→ **ACTIVITY**
Please quote the material exactly, every line of it.

Start of DATA PROVIDED

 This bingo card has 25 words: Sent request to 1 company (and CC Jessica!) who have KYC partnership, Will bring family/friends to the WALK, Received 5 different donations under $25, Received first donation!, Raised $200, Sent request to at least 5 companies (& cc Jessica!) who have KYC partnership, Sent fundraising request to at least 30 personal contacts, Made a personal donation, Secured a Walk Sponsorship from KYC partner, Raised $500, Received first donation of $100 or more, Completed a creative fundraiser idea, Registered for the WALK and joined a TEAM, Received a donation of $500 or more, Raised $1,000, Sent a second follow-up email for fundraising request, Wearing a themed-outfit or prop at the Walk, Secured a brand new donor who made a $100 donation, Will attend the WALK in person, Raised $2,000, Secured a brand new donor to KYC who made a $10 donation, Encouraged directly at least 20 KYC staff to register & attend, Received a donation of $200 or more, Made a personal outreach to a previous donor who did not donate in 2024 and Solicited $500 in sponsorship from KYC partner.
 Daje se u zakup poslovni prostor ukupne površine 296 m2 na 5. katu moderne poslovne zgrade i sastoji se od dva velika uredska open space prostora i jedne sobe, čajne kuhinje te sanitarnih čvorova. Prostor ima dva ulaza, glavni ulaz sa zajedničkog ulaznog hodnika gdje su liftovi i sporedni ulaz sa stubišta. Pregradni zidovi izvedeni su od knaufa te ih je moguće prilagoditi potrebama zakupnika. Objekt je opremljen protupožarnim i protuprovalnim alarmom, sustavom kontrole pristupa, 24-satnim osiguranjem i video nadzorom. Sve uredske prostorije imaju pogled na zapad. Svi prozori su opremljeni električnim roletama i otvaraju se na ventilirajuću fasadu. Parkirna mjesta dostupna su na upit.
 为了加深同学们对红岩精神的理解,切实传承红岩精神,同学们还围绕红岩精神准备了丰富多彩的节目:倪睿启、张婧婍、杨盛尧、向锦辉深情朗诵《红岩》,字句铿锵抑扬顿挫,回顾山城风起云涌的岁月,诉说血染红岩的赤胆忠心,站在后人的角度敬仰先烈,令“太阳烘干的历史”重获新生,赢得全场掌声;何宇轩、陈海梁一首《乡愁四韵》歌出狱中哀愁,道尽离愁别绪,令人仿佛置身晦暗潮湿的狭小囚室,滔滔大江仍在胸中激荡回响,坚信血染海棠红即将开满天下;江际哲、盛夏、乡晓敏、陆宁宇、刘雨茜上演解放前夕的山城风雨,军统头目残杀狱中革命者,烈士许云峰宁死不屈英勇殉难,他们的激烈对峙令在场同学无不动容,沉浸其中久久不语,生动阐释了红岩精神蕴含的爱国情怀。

End of DATA PROVIDED

→ **EXERCISE RESULT**
 This bingo card has 25 words: Sent request to 1 company (and CC Jessica!) who have KYC partnership, Will bring family/friends to the WALK, Received 5 different donations under $25, Received first donation!, Raised $200, Sent request to at least 5 companies (& cc Jessica!) who have KYC partnership, Sent fundraising request to at least 30 personal contacts, Made a personal donation, Secured a Walk Sponsorship from KYC partner, Raised $500, Received first donation of $100 or more, Completed a creative fundraiser idea, Registered for the WALK and joined a TEAM, Received a donation of $500 or more, Raised $1,000, Sent a second follow-up email for fundraising request, Wearing a themed-outfit or prop at the Walk, Secured a brand new donor who made a $100 donation, Will attend the WALK in person, Raised $2,000, Secured a brand new donor to KYC who made a $10 donation, Encouraged directly at least 20 KYC staff to register & attend, Received a donation of $200 or more, Made a personal outreach to a previous donor who did not donate in 2024 and Solicited $500 in sponsorship from KYC partner.
 Daje se u zakup poslovni prostor ukupne površine 296 m2 na 5. katu moderne poslovne zgrade i sastoji se od dva velika uredska open space prostora i jedne sobe, čajne kuhinje te sanitarnih čvorova. Prostor ima dva ulaza, glavni ulaz sa zajedničkog ulaznog hodnika gdje su liftovi i sporedni ulaz sa stubišta. Pregradni zidovi izvedeni su od knaufa te ih je moguće prilagoditi potrebama zakupnika. Objekt je opremljen protupožarnim i protuprovalnim alarmom, sustavom kontrole pristupa, 24-satnim osiguranjem i video nadzorom. Sve uredske prostorije imaju pogled na zapad. Svi prozori su opremljeni električnim roletama i otvaraju se na ventilirajuću fasadu. Parkirna mjesta dostupna su na upit.
 为了加深同学们对红岩精神的理解,切实传承红岩精神,同学们还围绕红岩精神准备了丰富多彩的节目:倪睿启、张婧婍、杨盛尧、向锦辉深情朗诵《红岩》,字句铿锵抑扬顿挫,回顾山城风起云涌的岁月,诉说血染红岩的赤胆忠心,站在后人的角度敬仰先烈,令“太阳烘干的历史”重获新生,赢得全场掌声;何宇轩、陈海梁一首《乡愁四韵》歌出狱中哀愁,道尽离愁别绪,令人仿佛置身晦暗潮湿的狭小囚室,滔滔大江仍在胸中激荡回响,坚信血染海棠红即将开满天下;江际哲、盛夏、乡晓敏、陆宁宇、刘雨茜上演解放前夕的山城风雨,军统头目残杀狱中革命者,烈士许云峰宁死不屈英勇殉难,他们的激烈对峙令在场同学无不动容,沉浸其中久久不语,生动阐释了红岩精神蕴含的爱国情怀。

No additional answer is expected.